CHAPTER XVI.
RECONCILED.
THE Aberdeen surgeon arrived late at night, but the setting of the broken arm was deferred till the next day. The patient was now delirious, and Mr. Ramsay, the great man from Aberdeen, having heard the story of St. Kentigern’s Cave, pronounced that rheumatic fever had been induced by cold and exposure in that dismal hermitage.
After this came many dreary days and nights, during which the patient hovered between the realms of life and death, tenderly watched by his uncle and Mr. Jerningham, who relieved each other’s guard at his bed-side.
Then came a blessed change, and he was pronounced out of danger. The delirium gave place to a languid apathy, in which he seemed faintly to recognize the watchers by his bed, but to be too feeble to interest himself in the affairs of this life.

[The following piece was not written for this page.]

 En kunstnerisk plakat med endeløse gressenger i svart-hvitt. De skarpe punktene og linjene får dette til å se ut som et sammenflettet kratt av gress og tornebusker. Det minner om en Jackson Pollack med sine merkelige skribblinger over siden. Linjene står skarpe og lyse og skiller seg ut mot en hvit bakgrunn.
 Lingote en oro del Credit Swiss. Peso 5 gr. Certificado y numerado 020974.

While the patient was still in this stage, Mr. Jerningham persuaded Daniel to return to London, where the ravening editors were clamorous for his presence, and he, yielding to these arguments, left Mr. Jerningham master of the field.
This was what the father wanted, to have his son in his own keeping, to see those dim eyes brighten as they looked at him. To be nurse, valet, companion, friend, and some day, when he had won his son’s regard, to say to him suddenly:
“Eustace, forgive me! I am your father!”
While the patient had lain helpless and unconscious, Mr. Jerningham had found the MS. of the great poem, and had read, in those carefully-written pages, the secrets of his son’s mind. The perusal of this poem had filled him with pride. He, too, had written verse; but not such verse as this. The grace, the purity of a mind uncontaminated by vice, were visible here, and touched the heart of the weary worldling.

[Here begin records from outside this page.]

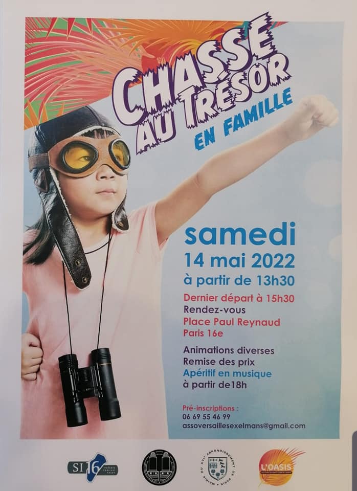 Excellent après-midi à Auteuil sud à l’occasion de la première édition de la Chasse au Trésor organisée par l’association des commerçants Versailles-Exelmans, le Syndicat d’Initiative du 16ème et l’Oasis des jeunes de la paroisse sainte Jeanne de Chantal, en partenariat avec le Conseil de Quartier Auteuil sud et la Croix Rouge du 16ème.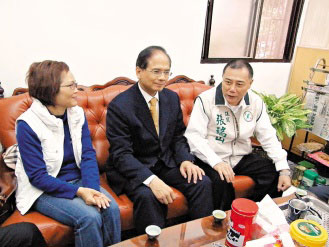 前“行政院长”游锡堃(中)上午拜访民进党籍台北县议员,试探新北市长党内选情。图片来源:台湾《联合晚报》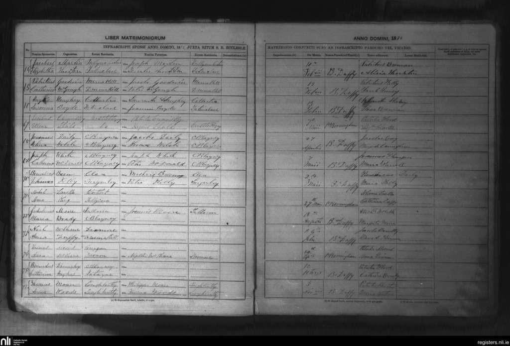Muckno; County of Monaghan; Diocese of Clogher. Marriages, Feb. 1872 to Nov. 1872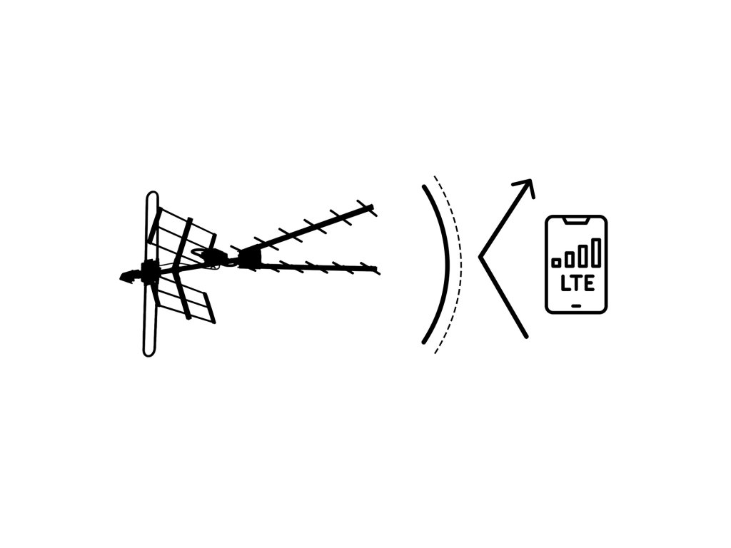 Anténa má vstavaný LTE filter, ktorý eliminuje interferencie spôsobené mobilnými sieťami (napr. 4G/5G).

“The romance of his own life is written here,” he said. “It is almost a confession. But how unlike that hateful confession which I published at his age! I, whose ambition was to emulate Rousseau--that pinchbeck philosopher who never ceased to be at heart a lackey.”
M. de Bergerac and his daughter left Killalochie for Pendarvoch directly the invalid was pronounced out of danger.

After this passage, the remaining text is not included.